Ferdinand Graf von Zeppelin (Count of) first had the idea of using a gas filled balloon for mass transportation during a visit to the United States. Since he was offered an ascent with a free balloon, he wracked his brain about how to navigate and direct such a balloon.
When in July 2nd 1900, 110 years from now, the first Zeppelin airship LZ1 took off, this event marked a milestone in the history of aviation. Aboard the 18 minutes flight were 5 passengers and 350kg of ballast. With the biggest problem being a relatively high gas loss of the mantle, the LZ1 was equipped with two Daimler motors of 16 horsepower each for forward thrust. After having used up the initial funds for the project, additional financing was provided by a lottery to finish building a second airship in 1904. The 1908 LZ4 was able to fly for over 24 hours.
After the death of Graf von Zeppelin in 1917 more airships were constructed. During WWI those ships were designated for military usage to transport 40,000 passengers over 200,000 km. After the war, the Zeppelin was again employed as a means of civil transport.

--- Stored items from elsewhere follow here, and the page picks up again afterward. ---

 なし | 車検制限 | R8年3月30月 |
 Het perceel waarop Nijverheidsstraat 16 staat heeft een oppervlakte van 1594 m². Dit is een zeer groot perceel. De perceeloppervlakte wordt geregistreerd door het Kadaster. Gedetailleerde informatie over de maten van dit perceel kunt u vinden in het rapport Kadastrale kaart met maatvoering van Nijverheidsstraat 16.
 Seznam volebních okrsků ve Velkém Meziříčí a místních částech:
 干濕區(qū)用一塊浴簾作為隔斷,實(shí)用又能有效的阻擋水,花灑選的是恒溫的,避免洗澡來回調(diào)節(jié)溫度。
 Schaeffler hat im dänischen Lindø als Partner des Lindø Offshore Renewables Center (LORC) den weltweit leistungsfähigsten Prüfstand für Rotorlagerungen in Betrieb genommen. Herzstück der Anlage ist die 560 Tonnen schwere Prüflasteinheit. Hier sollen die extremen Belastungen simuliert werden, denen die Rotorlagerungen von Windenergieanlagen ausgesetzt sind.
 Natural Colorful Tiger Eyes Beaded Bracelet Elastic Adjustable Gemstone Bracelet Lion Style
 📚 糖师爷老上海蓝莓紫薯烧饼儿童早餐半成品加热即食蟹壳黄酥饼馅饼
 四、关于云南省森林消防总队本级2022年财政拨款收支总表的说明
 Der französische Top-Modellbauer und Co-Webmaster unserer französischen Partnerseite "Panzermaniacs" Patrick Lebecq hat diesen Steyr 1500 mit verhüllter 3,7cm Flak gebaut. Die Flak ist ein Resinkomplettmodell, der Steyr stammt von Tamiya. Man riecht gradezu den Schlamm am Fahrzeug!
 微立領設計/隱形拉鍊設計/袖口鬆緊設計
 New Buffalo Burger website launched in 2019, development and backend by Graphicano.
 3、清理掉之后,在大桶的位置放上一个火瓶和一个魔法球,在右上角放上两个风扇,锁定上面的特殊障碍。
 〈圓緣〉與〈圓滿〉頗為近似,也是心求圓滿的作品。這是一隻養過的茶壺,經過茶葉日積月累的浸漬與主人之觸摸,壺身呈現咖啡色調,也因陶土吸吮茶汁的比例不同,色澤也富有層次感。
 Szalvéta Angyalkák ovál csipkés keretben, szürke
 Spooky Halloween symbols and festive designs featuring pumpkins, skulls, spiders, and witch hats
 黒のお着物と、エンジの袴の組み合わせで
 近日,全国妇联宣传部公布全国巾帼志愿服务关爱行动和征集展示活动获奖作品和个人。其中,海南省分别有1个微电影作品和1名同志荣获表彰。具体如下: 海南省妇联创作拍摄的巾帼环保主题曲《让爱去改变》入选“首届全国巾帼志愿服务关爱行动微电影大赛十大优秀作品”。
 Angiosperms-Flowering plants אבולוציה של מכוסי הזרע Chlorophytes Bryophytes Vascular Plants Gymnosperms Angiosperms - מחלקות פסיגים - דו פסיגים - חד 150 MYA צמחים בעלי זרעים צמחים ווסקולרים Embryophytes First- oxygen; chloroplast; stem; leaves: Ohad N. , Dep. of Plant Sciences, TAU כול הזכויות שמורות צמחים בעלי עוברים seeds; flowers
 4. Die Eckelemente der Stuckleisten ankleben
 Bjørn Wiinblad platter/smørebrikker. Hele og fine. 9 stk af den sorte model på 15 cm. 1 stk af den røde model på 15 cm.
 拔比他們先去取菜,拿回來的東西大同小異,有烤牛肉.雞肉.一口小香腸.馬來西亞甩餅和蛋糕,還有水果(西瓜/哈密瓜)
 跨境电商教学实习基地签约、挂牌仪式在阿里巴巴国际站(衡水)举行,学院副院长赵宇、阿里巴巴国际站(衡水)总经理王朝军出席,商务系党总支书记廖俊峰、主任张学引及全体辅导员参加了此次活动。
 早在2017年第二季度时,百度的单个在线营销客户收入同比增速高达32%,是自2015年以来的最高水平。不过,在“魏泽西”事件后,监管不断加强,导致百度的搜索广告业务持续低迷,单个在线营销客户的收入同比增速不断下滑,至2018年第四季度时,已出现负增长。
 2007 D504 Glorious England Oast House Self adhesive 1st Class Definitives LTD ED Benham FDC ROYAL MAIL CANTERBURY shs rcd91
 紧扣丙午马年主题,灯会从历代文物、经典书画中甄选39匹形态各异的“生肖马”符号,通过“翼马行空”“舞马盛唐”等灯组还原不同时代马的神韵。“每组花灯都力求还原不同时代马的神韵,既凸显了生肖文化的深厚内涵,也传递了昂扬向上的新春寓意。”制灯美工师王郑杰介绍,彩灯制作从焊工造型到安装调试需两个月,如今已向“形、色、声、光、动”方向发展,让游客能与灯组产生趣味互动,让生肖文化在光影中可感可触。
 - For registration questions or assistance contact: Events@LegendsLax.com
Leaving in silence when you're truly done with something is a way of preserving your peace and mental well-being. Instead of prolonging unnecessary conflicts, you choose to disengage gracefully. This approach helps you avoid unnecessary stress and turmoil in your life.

Most popular for its 299 hour cruise from Friedrichshaven, Germany over Tokyo and Los Angeles to New York was the 1928 LZ 127. This 237m long Zeppelin was designed to carry 30 tons of payload. The tragic burn out of the LZ 129 (“Hindenburg”), carrying 97 passengers out of who 62 persons survived the accident, initiated the end of airship aviation in 1936. Although it achieved many technological achievements, the Zeppelin will forever be remembered for the fiery Hindenburg disaster of 1937. Before this disaster, the Hindenburg was considered the fastest and most comfortable way to cross the Atlantic Ocean.
What happened to the Zeppelin?
In 2000, one hundred years after the first ascent, a novel Zeppelin prototype was built. The 75 meter LZ N07 was meant to revolutionize airship aviation with top notch technology. So far, this airship could only be employed for tourist transport on scenic flights. A Zeppelin can reportedly fly on pure solar power and can be designed for secure passenger transportation. Recent announcements to build energy efficient airships, like the “Cargo Lifter” have not been put into practice.